Trudeau presents election platform
Big ticket items include students, climate; Tories, NDP says numbers don’t work
Thestar.com
Oct. 5, 2015
By Tonda MacCharles
Liberal Leader Justin Trudeau released his party’s full election platform Monday at the same time the Conservative government announced it had signed the biggest free trade deal the country has ever reached.
Asked how the Liberals expect to compete electorally with such a significant economic achievement by the Conservatives, Trudeau waved his 88-page platform document as the answer.
It’s a document that reprises the Liberals’ big-ticket items: tax cuts for the middle class and a doubling of infrastructure spending over the next four years. It also confirms the party’s readiness to run deficits of up to $10 billion a year in the first half of a mandate.
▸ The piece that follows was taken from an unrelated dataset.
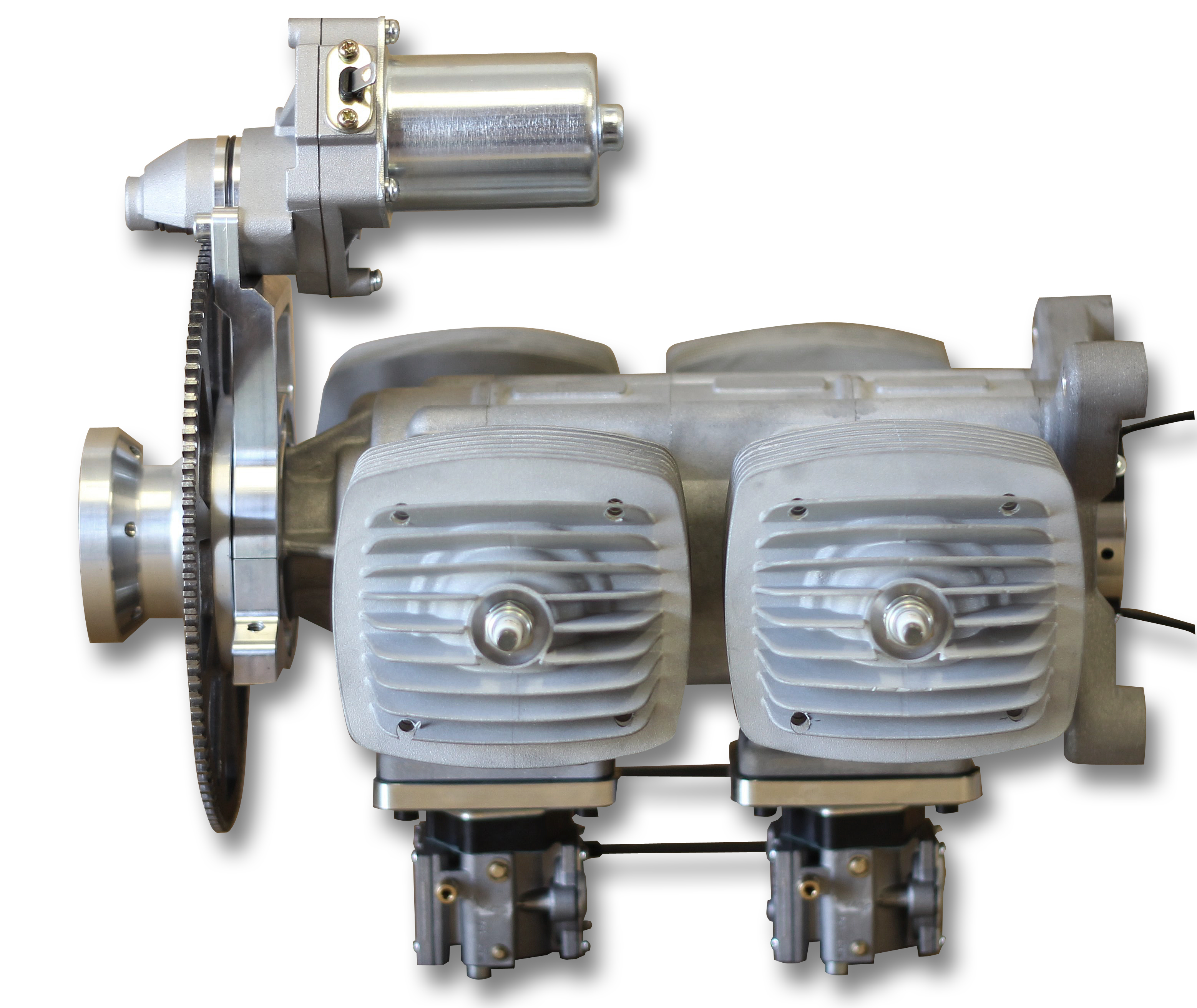 Already well known for its smooth run and awesome power to weight ratio two stroke 112ccm opposed twincylinder model gas engine with procesor controlled ignition. Now fully CNC made crankcase and backplate out of 7075 aluminium alloy so very clean design bringing better quality as well. Weight increased compared to former 112B2RV-J is only 50 grams.

The platform Trudeau held up to cameras laid out new spending he hadn’t announced to date, including:
A reinstatement of the $5-million Court Challenges Program to aid groups challenging the constitutionality of federal law;
About $260 million in new support for the agricultural sector.
It pulls together Liberal positions that have gotten little attention in the campaign, including a promise that international aid money for maternal, newborn and child health programming would “cover the full range of reproductive health services” including abortion counselling and services that the Conservatives refused to pay for.
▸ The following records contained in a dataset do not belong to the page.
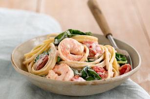 Drain pasta; place in large bowl. Add spinach; mix lightly. Add shrimp mixture; toss to coat.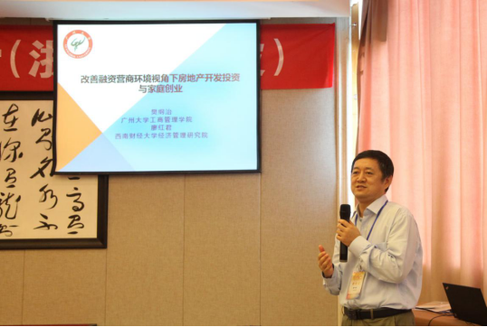 广州大学工商管理学院樊纲治教授报告了《改善融资营商环境视角下房地产开发投资与家庭创业》,文章使用 2013 年和 2015 年中国家庭金融调查(CHFS)数据,结合《中国城市统计年鉴》数据探讨了房地产投资对家庭创业活动的影响。文章发现,房地产投资对家庭创业活动产生负向作用,且对“两套住房及以上”家庭的创业活动挤出效应更大。特别地,信贷资源挤占是导致房地产投资产生负向作用的关键原因,而在控制了信贷资源挤占之后,房地产投资呈现出对家庭创业的正向作用。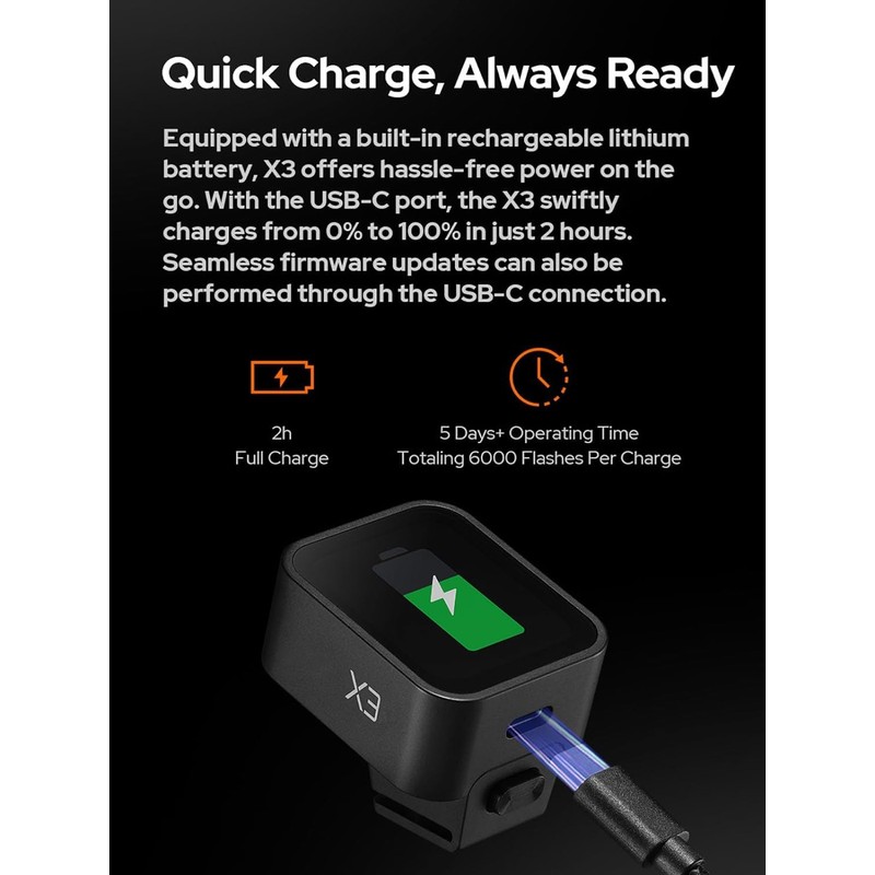 - Quick Charge, Always Ready: Never miss a shot with the GODOX X3L FLASH TRIGGER's fast-charging, built-in lithium battery. Charge efficiently via the USB-C port, rocketing from 0% to full charge in just two hours.

It also says Trudeau would amend anti-terror powers that Bill C-51 gave CSIS and CSE, by narrowing what the activities they may legally engage in under warrant, and establish parliamentary oversight of security agencies.
Trudeau’s bid to counter the Trans-Pacific Partnership news saw him adopt a go-slow approach to the trade pact, which he acknowledged was “a very big deal.” The Liberal leader said he would reserve judgment until he’d read the text and heard from Canadian workers in the manufacturing, automotive and dairy sectors. He promised a Liberal government would not ratify the agreement until it has a full debate in Parliament, but he signalled the Liberal party is “resolutely pro-trade.”
The Conservatives and NDP attacked Trudeau after the platform release, each of which said his numbers don’t add up. The NDP claimed the Liberal plan would lead to significant cuts in health programming, and the Conservatives said Trudeau will have to pay for his program through “payroll taxes, taxes on families, taxes on personal savings, as well as $6.5B in additional, yet-to-be-named tax hikes.”
However, on the heels of a huge Liberal rally in Brampton Sunday night, and a national poll suggesting the Liberals had edged ahead of the Conservatives in voter preference, Trudeau was buoyed. He strode back and forth across a stage in Waterloo as he took Facebook questions, media questions, and consistently referred back to his plan for economic growth.
Entitled, “A new plan for a strong middle class,” the document showcases the enhanced tax-free child benefit and proposed tax cut for middle-income earners. They are to be financed through a parallel tax hike on top earners, cancellation of the universal child benefit the Harper government sends out in monthly cheques, and the cancellation of income splitting - a Conservative tax measure that helps households with one high-earning spouse that allows the top-earner to transfer income to low-earner for tax purposes, and thereby pay income tax at a lower rate.
In contrast to an earlier costing document, the new platform revised upward revenue projections by almost $1 billion and revised upward its spending or “investment” plans by a bit more than that. In total, the Liberal plan calls for $149.8 billion in new spending over the next four years, up from $146 billion announced Sept. 26. That includes health spending that Trudeau announced in the interim, which would mean an extra $1 billion a year by 2019-20. It also includes the new aid for post-secondary students.
However, the Liberal document released Monday did not revise its deficit projections, except for a very slight adjustment for more red ink in the first year. Trudeau says he will run deficits for the first two years of nearly $10 billion. In the third year, that drops to a $5.7-billion deficit. By the last year of a mandate, the Liberals say they would be able to balance the budget with a slight surplus of $1 billion.
Liberal party officials on background explained Monday’s revisions were “a more fleshed-out accounting of how we arrived at the same bottom line.” The party says it would eventually achieve a surplus through economic growth and increased government revenues but would also find nearly $3 billion in savings - a promise the New Democrats mocked.
Trudeau shrugged off the criticism Monday, saying it amounts to finding “efficiencies” equal to one per cent of the nearly $300-billon federal spending envelope.
Trudeau unveiled the latest document at an event at Wilfrid Laurier University and focused on his new promise to provide more direct help to post-secondary students from low- and middle-income families to ensure that debt loads are manageable.
He would increase the maximum Canada Student Grant for low-income students to $3,000 per year for full-time students, and to $1,800 per year for part-time students. The Liberals would also increase the income thresholds for eligibility, giving more Canadian students access to larger grants. The party claims this promise would increase the level of non-repayable grant assistance to students by $750 million per year, rising to $900 million per year by 2019-20.
The platform says this would be funded by “cancelling the poorly targeted education and textbook tax credits” - worth $725 million next year, rising to $925 million by year four. The tuition tax credit will be maintained.